I’m not doing National Novel Writing Month this year, but when a fellow WriMo (hi Leo!) challenged me to race him to write 10,000 words over the weekend, I couldn’t resist. He’d work on his novel; I’d draft a short story I’ve been marinating.
Surely anyone who’s interested already knows about this annual novel-writing frenzy that includes 99,000+ writers in its ninth year this year. But as I wandered around the site yesterday, I peeked into its Young Writers Program (an off-shoot that supports independent writers age 12 and younger, and in-school writing programs in grades K-12) and noticed a couple things to mention here. One is the archive of writing prompts in the Writers Block (if you’re not up for fun, just the merest flip of a brain cell can turn silliness deliciously serious).
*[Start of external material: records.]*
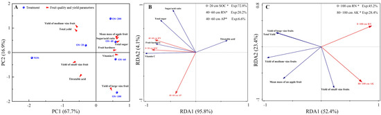 The redundancy analysis (RDA) was conducted to reveal the impacts of soil chemical properties on fruit quality parameters and yield parameters in 2017 (Figure 4B,C). The RDA between the fruit quality parameters and soil chemical properties showed the first two principals of RDA accounted for 99.9% of the total variation in the fruit quality (RDA1 = 95.8%, RDA2 = 4.1%) (Figure 4B). The SOC content in the 0–20 cm soil layer, RN content in the 40–60 cm soil layer, and AP content in 40–60 cm soil layer were identified to be the three main environmental factors that significantly affected the fruit quality parameters (p < 0.05). The SOC content in the 0–20 cm soil layer, positively correlated with the fruit quality parameters (except TA), had the greatest impact on the fruit quality parameters, with an explanation rate of up to 72.8% (Figure 4B).
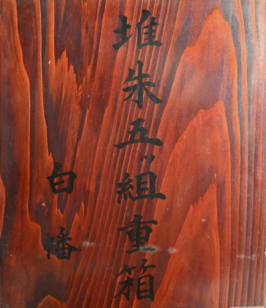 Exquisite Meiji p. Engraved Cinnabar Lacquer Box Set ー輪島塗 堆朱五ツ組重箱 白幡
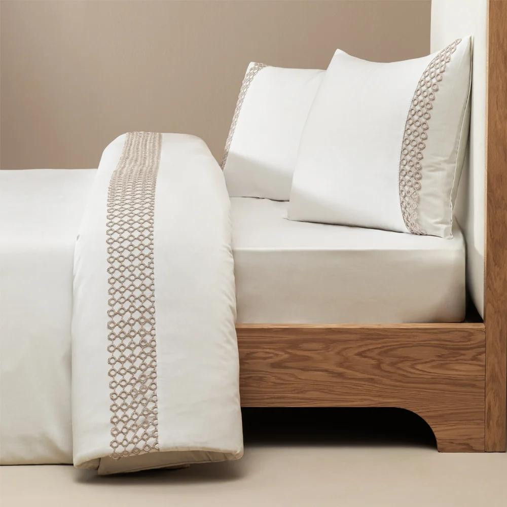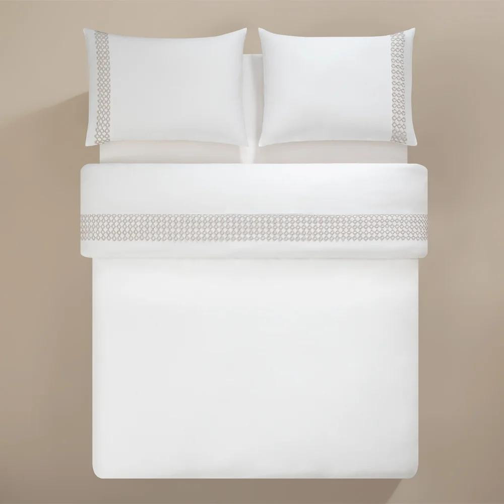 Penelope %100 Pamuk Saten Kumaş Nevresim Seti 200x220 Cm Beyaz Taş - Manuela Serisi
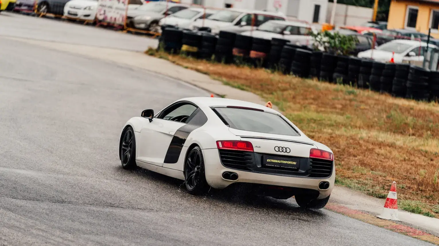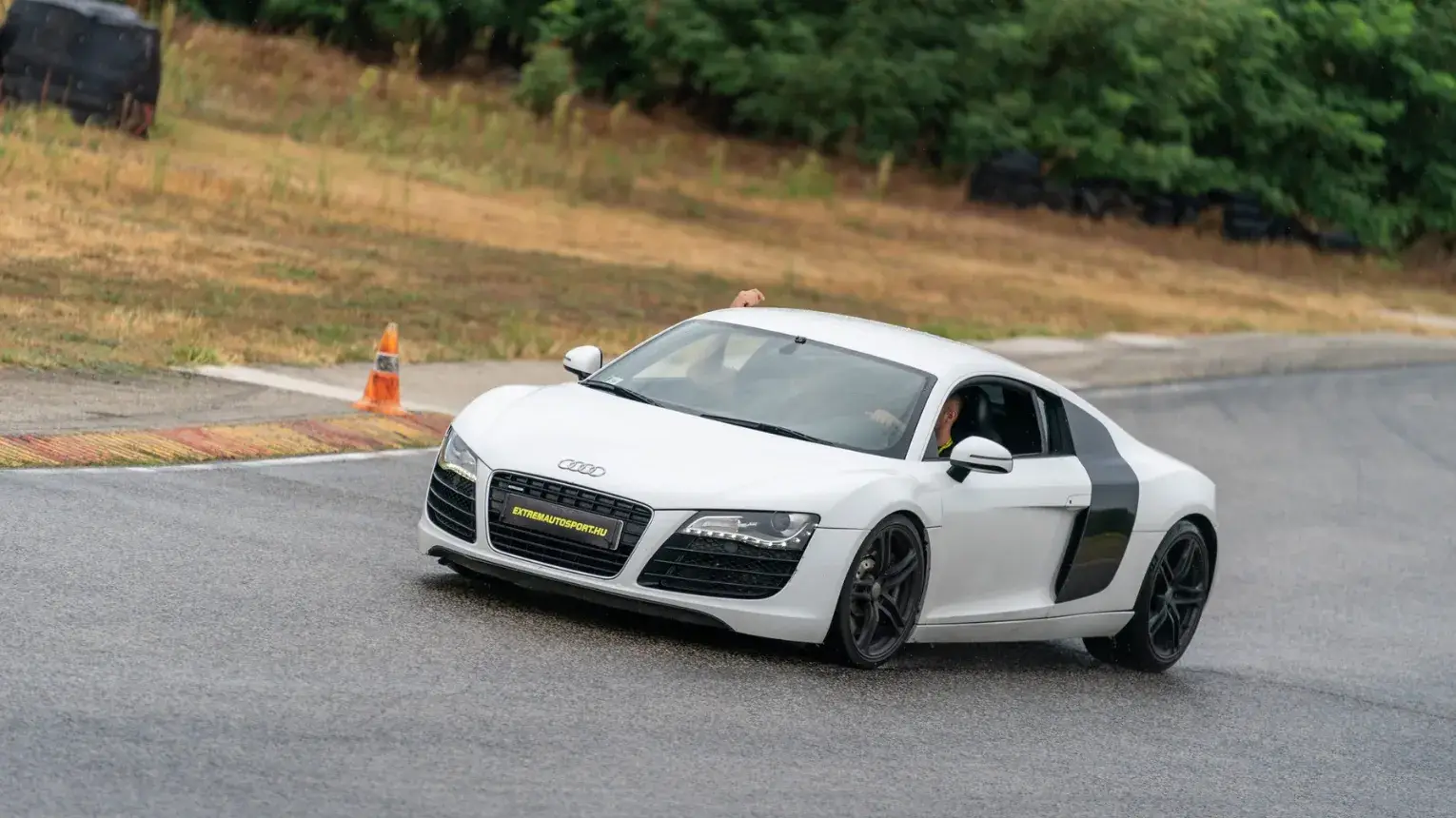 Az Audi R8-as egy igazi vadállat. A gázpedál legkisebb érintésére azonnali száguldásba kezd. Igazi nagyméretű gokart, de több mint 400 lóerővel. Bámulatosan precíz és közvetlen élményt nyújt és igazán jól érzi magát a versenypályán. Hangja már alapjáraton is magával ragadó, amit a fordulat emelésével egészen a pusztító ordításig tolhatunk. Gyönyörű és megunhatatlan.

Another is the downloadable Young Novelist Workbooks, which include NaNo founder Chris Baty’s not-to-be-missed Magna Carta premise -- that what you love most and hate most while reading novels are exactly what you should include and exclude, respectively (and will be easiest/hardest for you to write), in your own novels.
In the end, a weekend of high-velocity writing reminded me to turn off the editor and create ... forward, forward, forward; to "turn the camera out" occasionally (thanks Nancy Beckett!) and be amazed at the surprises a wide angle will capture; and that I need about 100 times more plot than comes easily.